There was one time when an adult followed us around. We couldn’t find a mall cop anywhere to help us. The weird man followed us into the music store and stared at us with his hand on his crotch. We figured there was something mentally wrong with him. He followed us to other shops, I can’t remember which ones, but somehow he disappeared as if he was never there. My friend couldn’t figure it out and neither could I, that he’d suddenly vanished. I never told my mother. Otherwise, she wouldn’t have let me go to the mall without being supervised, and I couldn’t let that happen. The mall was the one place to get away from her.

Latchkey

I’ve always been somewhat of a loner, whether on purpose or by accident. It started when I was younger. I moved around a lot. I was born in California and lived there for one year, then moved to Kentucky and lived there for two years, then to Florida and lived there for another two years, then to Pennsylvania and lived there for five years, then back to Florida for three years before I moved back to California. If you add it up, it equals thirteen years. By the eighth grade, I’d lived in six cities, and that isn’t counting the many homes I moved into in those cities, so I never felt a firm grounding and never built solid friendships.

I would play alone in the backyard with a tennis ball or a football or a frisbee when my parents were at work. Most days after school, I wouldn’t have a sitter. I played imaginary baseball against a wall by throwing a tennis ball at a chalked-up strike zone beneath a steel pipe. If the ball hit the pipe, it would either fly through the air or roll across the lawn. I would field it and throw it at a tree for a first baseman to call it an out. This helped me practice for Little League because my father wasn’t around.
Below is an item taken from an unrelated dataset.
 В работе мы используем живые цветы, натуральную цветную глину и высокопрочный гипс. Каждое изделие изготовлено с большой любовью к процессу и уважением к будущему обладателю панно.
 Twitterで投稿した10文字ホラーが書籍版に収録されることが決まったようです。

I also spent time alone in my bedroom, listening to cassettes and playing with action figures, pretending, pretending, pretending. Or Mom would let me roam the mall alone when she was shopping for clothes. I would lose myself in the record store for the cassettes with the coolest covers. If I was with someone, it would’ve been the same thing. They would’ve wanted to go to the arcade. And I did have friends who went to the mall with me. They would get bored in the record store, and I would want to stay in there.
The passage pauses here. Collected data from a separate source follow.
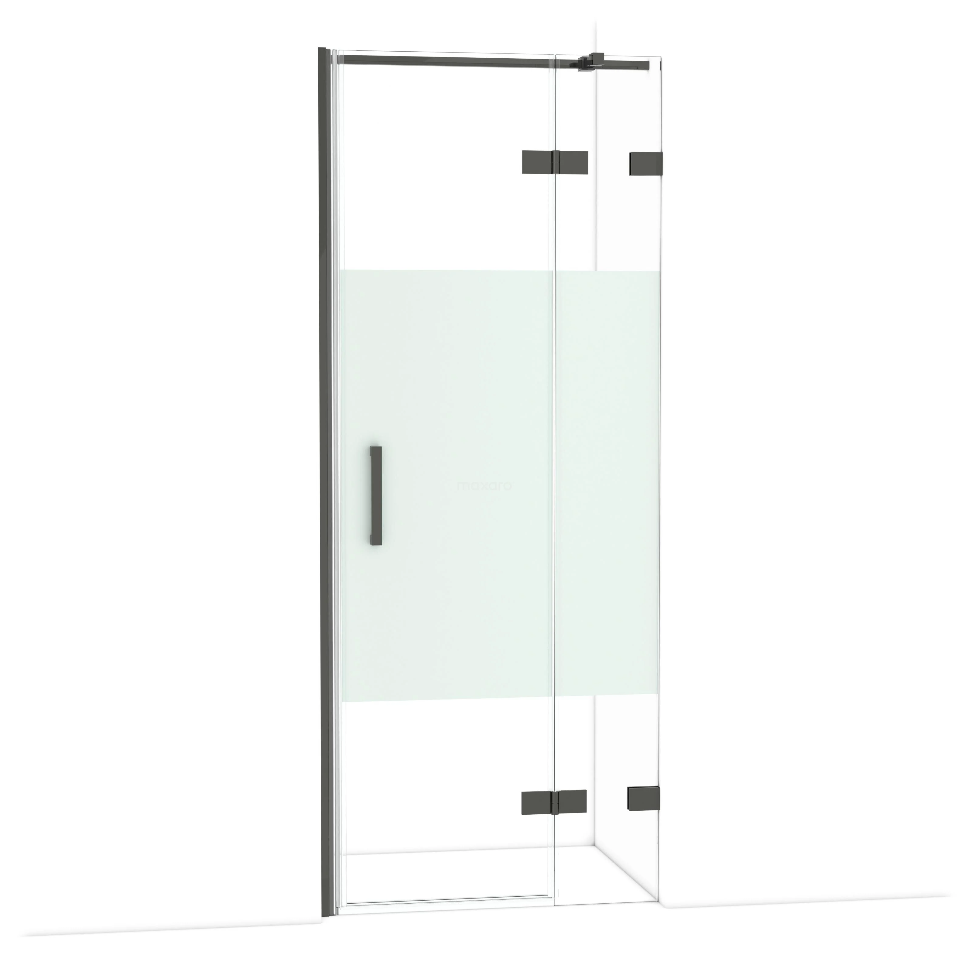 Diamond Duschtür | 80 cm Schwarzchrom Klar mit matter Streifen Drehtür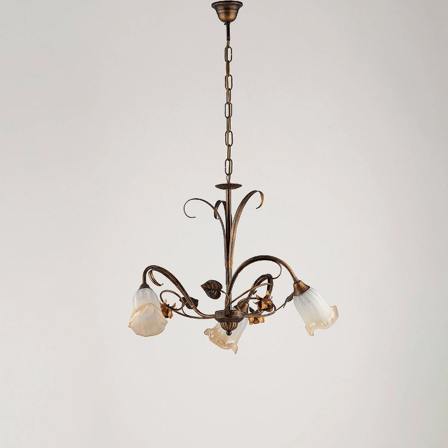 Lampadario 3 luci dallo stile classico in ferro laccato con pittura termoindurente marrone e decorazione oro ducale.. Diffusori in vetro bianchi e ambra con lampadine E14. Dotato di catena per regolarne l'altezza. Prodotto realizzato interamente a mano da Mastri Artigiani con materiali 100% Italiani.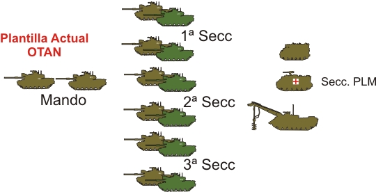 En los 80 EEUU, adopto la plantilla de 3 secciones de 3 carros y 1 carro de mando de cia., igual como otros países de la OTAN y de otras áreas.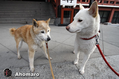 ナナちゃん、今日は桜の下で記念写真を撮ってあげたかったのですが、モモちゃんがのろまなので、境内まで一緒に行けませんでした。 |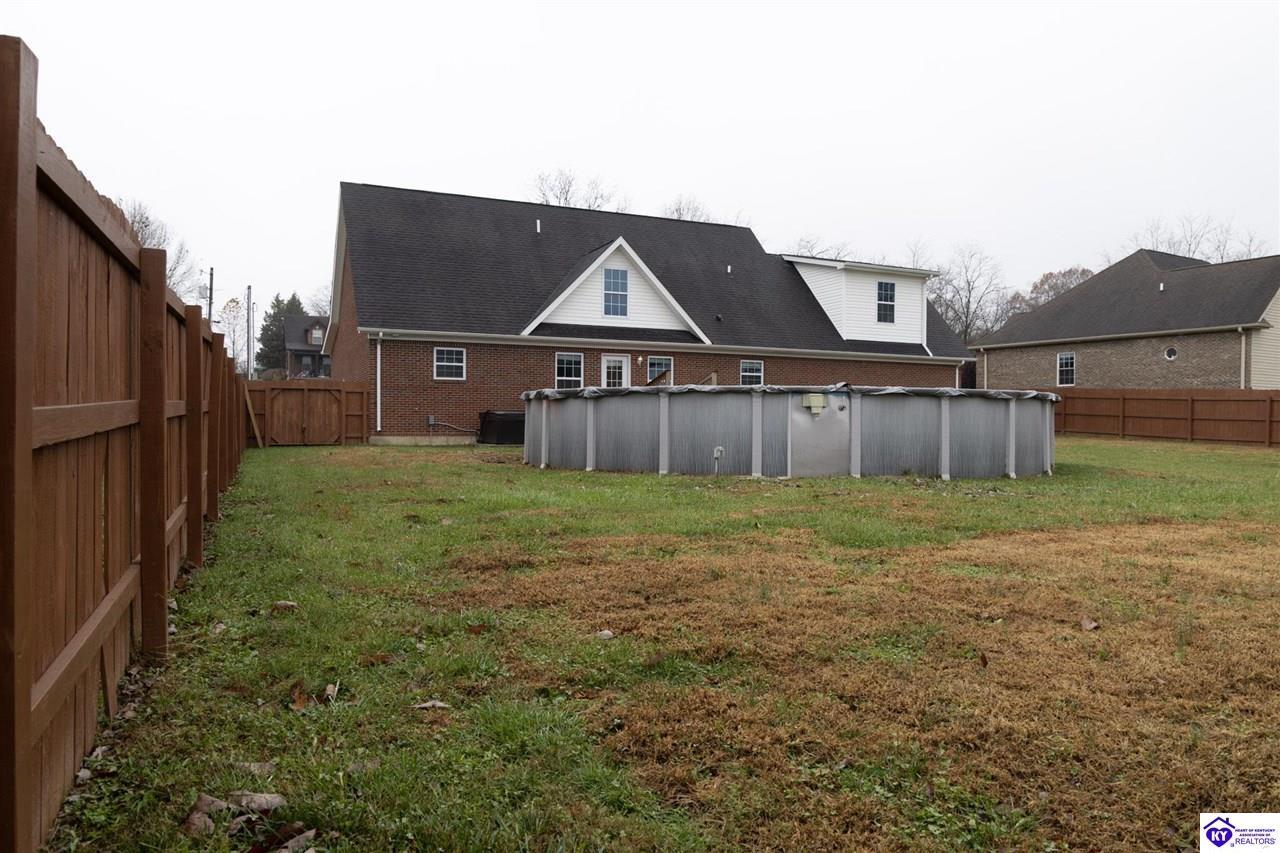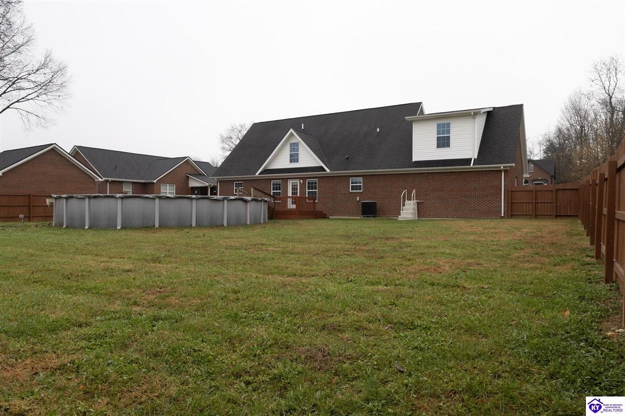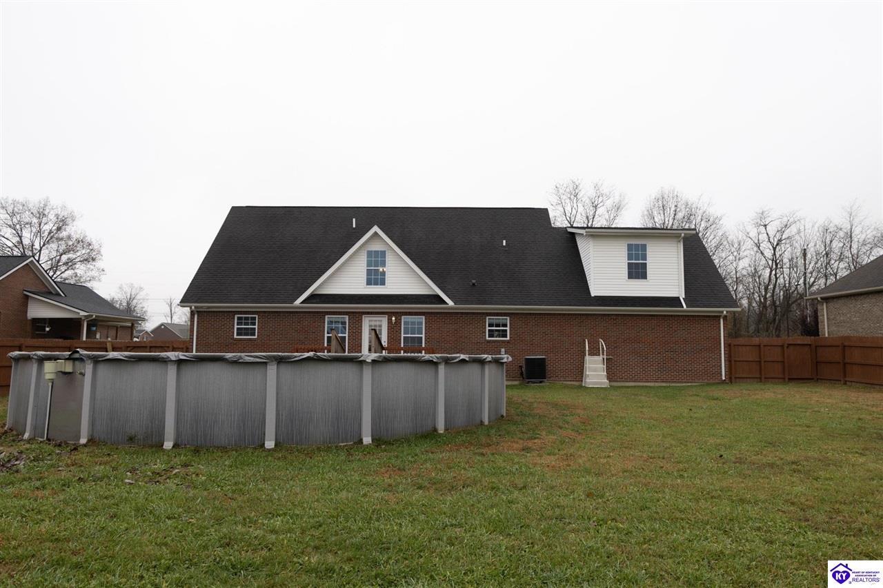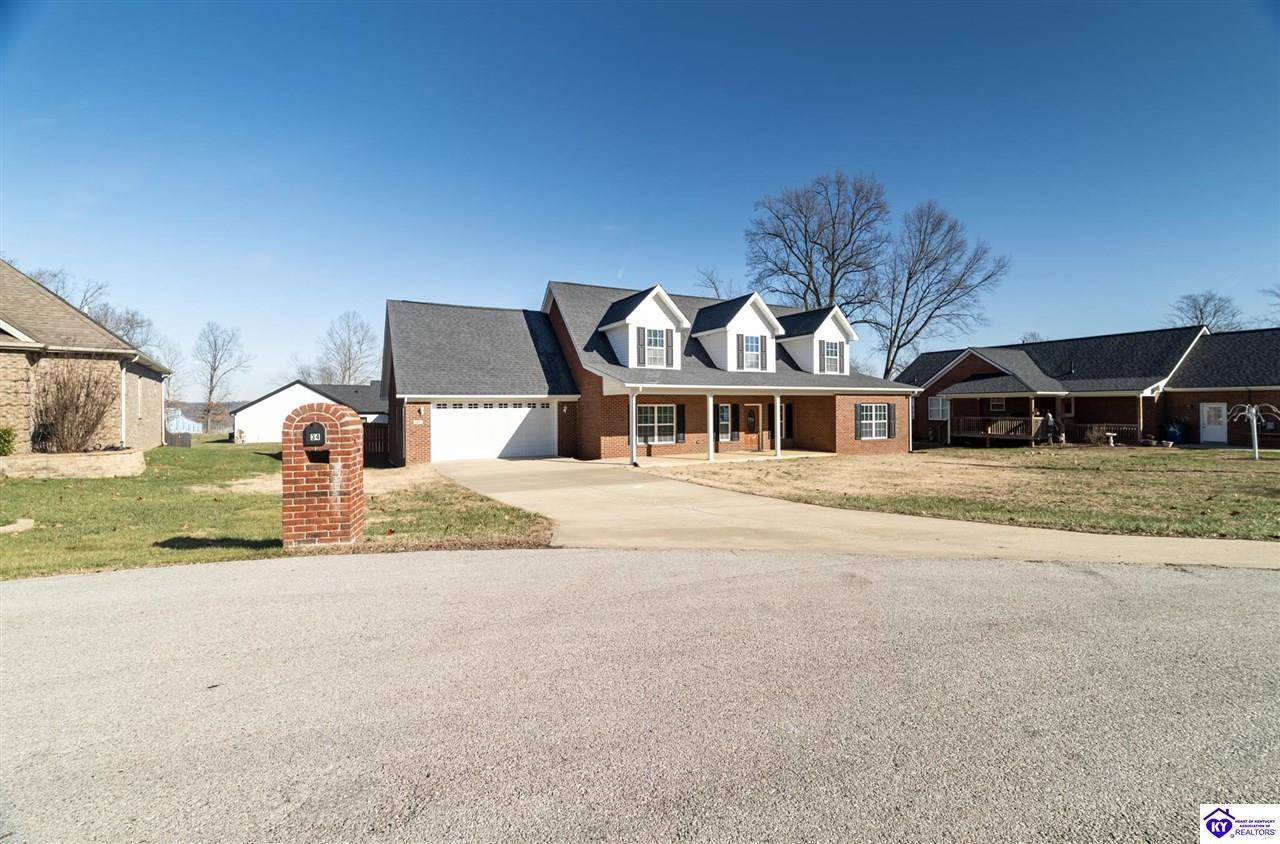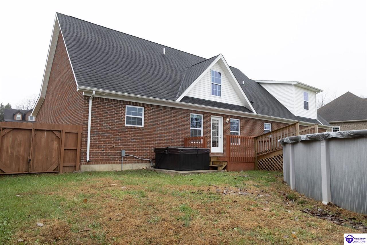 Realtor's notes: Discover this beautifully built, one-owner home tucked at the end of a cul-de-sac in River Cliff Estates. Built in 2016, the property offers a spacious layout and standout features inside and out. The backyard is designed for fun and functionality, complete with a 33-foot pool and hot tub added in fall of 2023, plus a fully fenced yard for pets, gatherings, and everyday use. The main level offers 9-foot ceilings and a dramatic vaulted living room accented by a dual staircase and an open balcony landing. The first floor is handicapped accessible and includes a large primary suite with dual vanities, a whirlpool tub, a separate shower, and a walk-in closet that doubles as a built-in storm shelter/safe room. Upstairs, two generously sized bedrooms and a large bonus room provide flexible space for work, play, or additional living space. A full bathroom with double sinks and abundant storage, thanks to double closets, completes the upper level. The kitchen is designed with cooking and baking in mind, offering extensive cabinet storage and a highly usable layout. A formal dining room with a tray ceiling provides the perfect spot for hosting meals and celebrations. The home also features a blue light HVAC system aimed at reducing mold and allergens. Located just 20 minutes from Fort Knox plus no HOA fees, this home is ready for its next owners. Schedule your private showing to see it in person!

“I’ll meet you at the arcade,” I would say.

And they would be there for a while.

I remember in the eighth grade, my friend Jonathan and I went to the mall, and an adult started following us. We hid in the racks of a Macy’s so the man wouldn’t find us, unsure what he was capable of. The only danger at the mall was the threat of being abducted, but I usually didn’t worry about that. I was too engrossed in the cassettes.

It wasn’t as much about the music but more about the album covers. I remember I bought every tape by Iron Maiden because the album covers were so sweet. The music wasn’t all that special. The same went with AC/DC. Their music was okay, but their album covers allured me. I bought all their cassettes with the allowance my mother gave me. She would get upset because I was wasting money on those stupid cassettes rather than saving up for something better. I didn’t know what she meant by “better.” She never told me. I don’t think she knew either. But I bought what I wanted to buy, and I would listen to those cassettes every day after school. They wouldn’t allow me to bring my Walkman onto the campus.
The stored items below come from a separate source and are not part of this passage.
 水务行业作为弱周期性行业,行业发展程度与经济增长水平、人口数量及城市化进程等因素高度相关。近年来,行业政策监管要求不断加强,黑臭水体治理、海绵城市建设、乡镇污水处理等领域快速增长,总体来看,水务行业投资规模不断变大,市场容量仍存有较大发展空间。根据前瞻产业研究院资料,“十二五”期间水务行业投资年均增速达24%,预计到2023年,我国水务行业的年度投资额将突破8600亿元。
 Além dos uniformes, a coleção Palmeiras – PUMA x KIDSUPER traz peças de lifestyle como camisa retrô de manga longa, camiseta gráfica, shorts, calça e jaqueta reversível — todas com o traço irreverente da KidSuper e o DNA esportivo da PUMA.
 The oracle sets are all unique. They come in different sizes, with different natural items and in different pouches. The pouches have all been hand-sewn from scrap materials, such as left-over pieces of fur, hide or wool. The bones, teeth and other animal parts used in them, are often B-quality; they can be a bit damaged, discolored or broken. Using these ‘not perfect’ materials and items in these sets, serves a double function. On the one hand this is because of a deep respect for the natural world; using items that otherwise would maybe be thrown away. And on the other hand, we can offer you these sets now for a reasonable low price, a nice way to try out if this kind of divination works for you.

I still consider myself a latchkey child. The only difference is that I’m an adult who comes home to an empty apartment and gets lost in his own world. I haven’t changed much since adolescence, and that’s fine. In my view, most people don’t. I run into old friends, and they’re the same. They were latchkey children, too. We were fortunate. Who wanted to come home from school to the same old parents every day? No privacy. I needed that solitude after dealing with kids and teachers all morning.